• [Aim of the exercise]
For the data below, transcribe the part that opens with the line containing "一氧化碳量 :12mg |" and closes with the line containing "3月31日下午,三中队执法员", exactly and with no pictures.

(Provided material Opens)

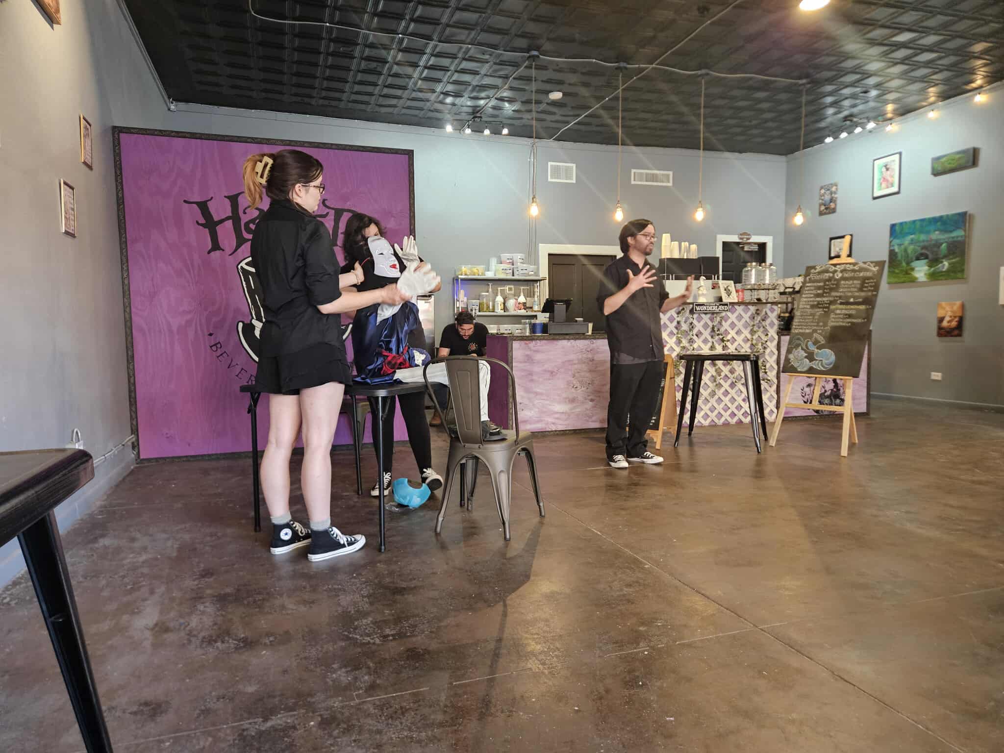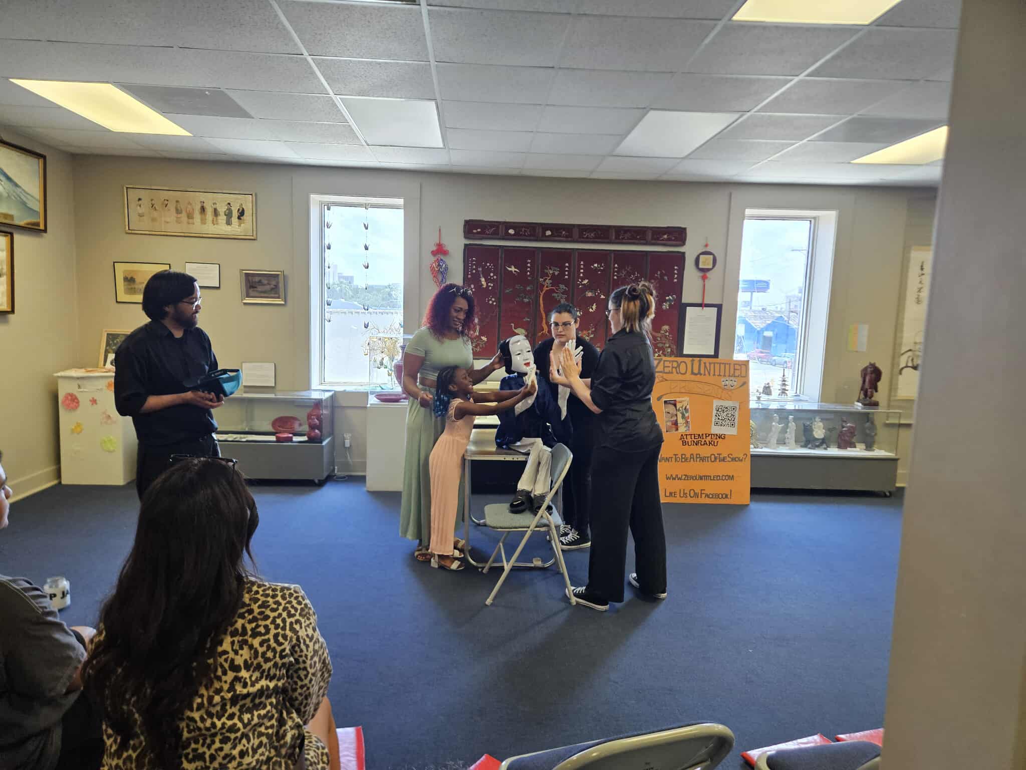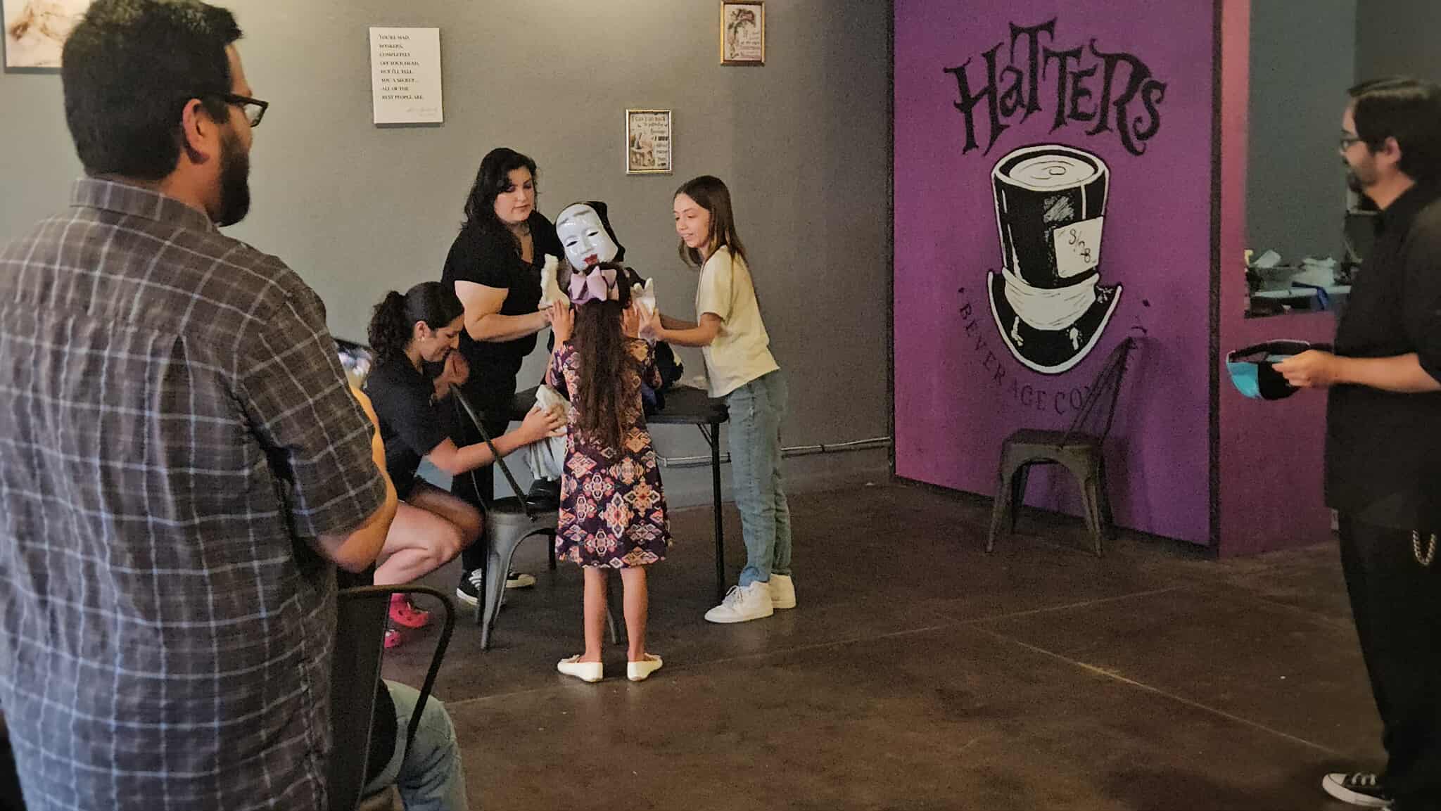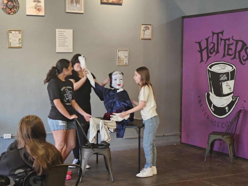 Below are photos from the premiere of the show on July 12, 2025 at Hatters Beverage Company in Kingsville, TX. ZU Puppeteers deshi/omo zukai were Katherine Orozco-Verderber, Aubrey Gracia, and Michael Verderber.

(Provided material Closes)
(Provided material Opens)

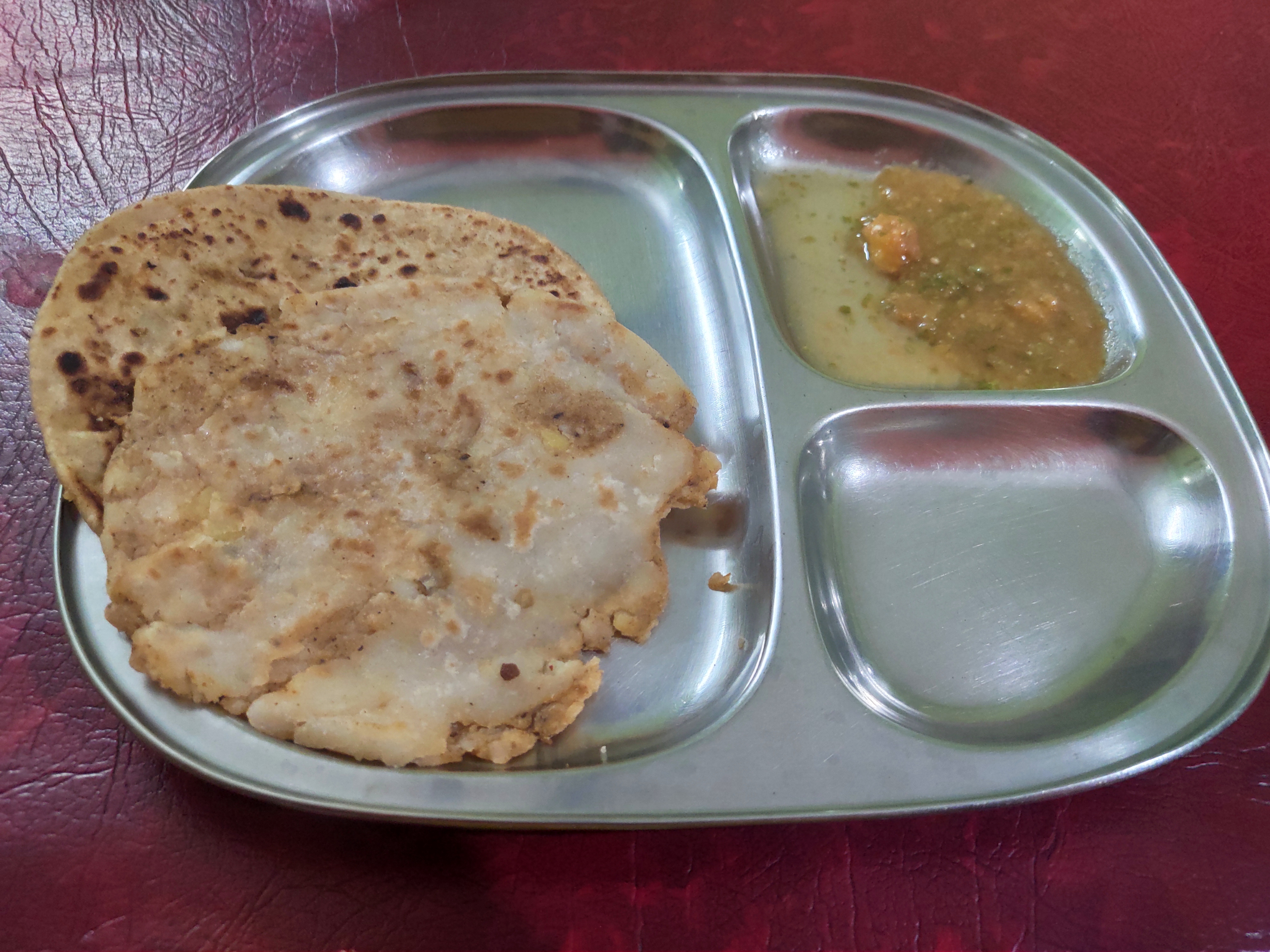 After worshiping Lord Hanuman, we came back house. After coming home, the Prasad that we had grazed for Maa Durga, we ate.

(Provided material Closes)
(Provided material Opens)

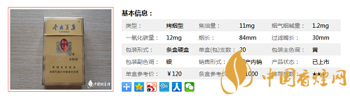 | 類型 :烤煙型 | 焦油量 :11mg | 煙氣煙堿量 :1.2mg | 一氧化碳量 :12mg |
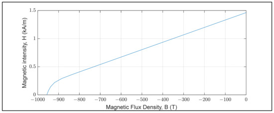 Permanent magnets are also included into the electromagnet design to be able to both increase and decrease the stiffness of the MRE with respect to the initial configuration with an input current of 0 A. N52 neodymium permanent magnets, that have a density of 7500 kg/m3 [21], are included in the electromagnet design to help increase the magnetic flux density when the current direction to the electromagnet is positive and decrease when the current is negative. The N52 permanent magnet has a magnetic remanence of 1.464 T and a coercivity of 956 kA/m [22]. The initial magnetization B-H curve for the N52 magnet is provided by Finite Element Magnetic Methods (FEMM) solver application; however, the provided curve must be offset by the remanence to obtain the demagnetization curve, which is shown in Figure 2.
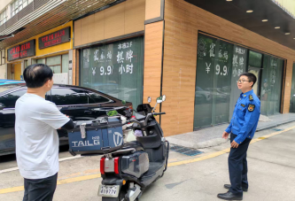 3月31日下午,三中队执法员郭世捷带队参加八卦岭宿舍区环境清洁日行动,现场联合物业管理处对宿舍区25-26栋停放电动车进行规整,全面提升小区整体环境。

(Provided material Closes)

• [Exercise result]
 | 類型 :烤煙型 | 焦油量 :11mg | 煙氣煙堿量 :1.2mg | 一氧化碳量 :12mg |
 Permanent magnets are also included into the electromagnet design to be able to both increase and decrease the stiffness of the MRE with respect to the initial configuration with an input current of 0 A. N52 neodymium permanent magnets, that have a density of 7500 kg/m3 [21], are included in the electromagnet design to help increase the magnetic flux density when the current direction to the electromagnet is positive and decrease when the current is negative. The N52 permanent magnet has a magnetic remanence of 1.464 T and a coercivity of 956 kA/m [22]. The initial magnetization B-H curve for the N52 magnet is provided by Finite Element Magnetic Methods (FEMM) solver application; however, the provided curve must be offset by the remanence to obtain the demagnetization curve, which is shown in Figure 2.
 3月31日下午,三中队执法员郭世捷带队参加八卦岭宿舍区环境清洁日行动,现场联合物业管理处对宿舍区25-26栋停放电动车进行规整,全面提升小区整体环境。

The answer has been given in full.